Theory of Peasant Cooperatives

Chayanov, Alexander. 1991. The Theory of Peasant Cooperatives. Columbus: Ohio State University Press. [Intro and pp. 1-52.]

In these chapters, Alexander Chayanov revisits some of the same ground as Lenin and Kautsky, but he does so with a much more spatial sensibility. He still retains the ultimate faith in large-scale agriculture and the same technophilia as his comrade predecessors, but what drew my attention was his consideration of space and scale in the development of small and large-scale agriculture. His view of cooperatives is definitely an attempt to reconcile these two scales of agriculture in a way that preserves the cooperative as both an economic and a social project. This project, however, it should be pointed out, is a transitional one that will help pave the way for truly socialist agriculture (on an extensive scale).

The introduction by Viktor Danilov usefully situates Chayanov’s intervention in the long-standing debates and practice of cooperativism in Russia. In the run-up to the 1917 Revolution, the debate on agricultural cooperativism—there were (and are) various kinds—was waged between Tugan-Baranovskii and Prokopovich.

The latter saw cooperatives as useful but nonetheless limited mode of organizing peasant farmers within a capitalist system. But he believed that this “cooperative way of life” could provide a stepping-stone for a different mode of agricultural production (xv). What’s interesting is that he concluded his arguments by posing cooperatives as part and parcel of the gaining of political rights, “including the right of all citizens to combine freely in co-operatives and engage in autonomous activity” (xvi).

Tugan-Baranovskii, on the other hand, viewed cooperatives as a much more forceful challenge (or alternative) to capitalist social relations.
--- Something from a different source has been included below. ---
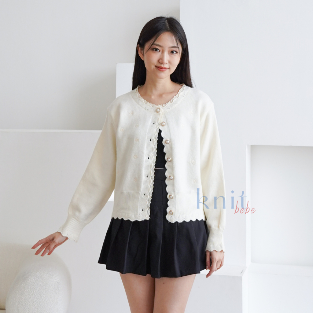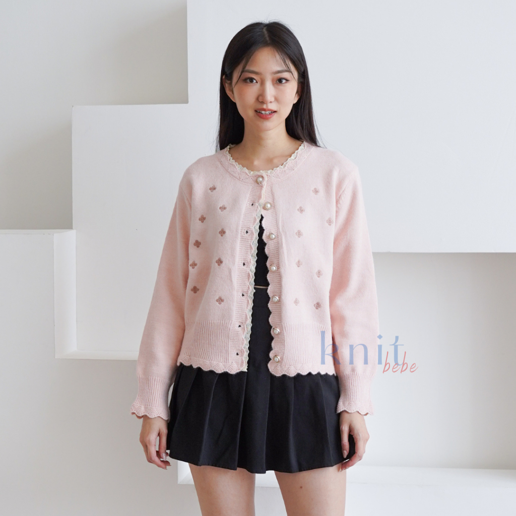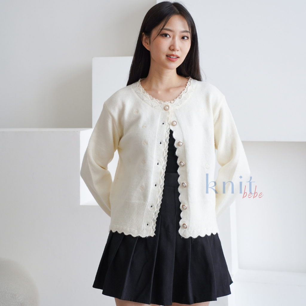 Knitbebe - Mikyung Atasan Cardigan Rajut Knit Top Floral Bunga

The cooperative was not only self-defense against capitalism, but also a prefigurative alternative that would gravitate toward full collectivism. Still, he realized cooperatives “lived” in a capitalist system of market relations, particularly because of its participants, which mainly drew from the middle peasantry.

What Chayanov sought to elaborate was “the possibility – without making any special changes in the economic equilibrium and without substantially destroying the organizational plan of the small-scale rural economy of organizing some of its particular technical economic activities where large-scale production enjoys an undoubted advantage; organizing these activities up to the level of large-scale production by technically detaching them and merging them with similar activities being undertaken by neighbours, into a co-operative” (xxiv). This meant parsing out the various productive activities of the peasant economy and seeing how they could be cooperativized.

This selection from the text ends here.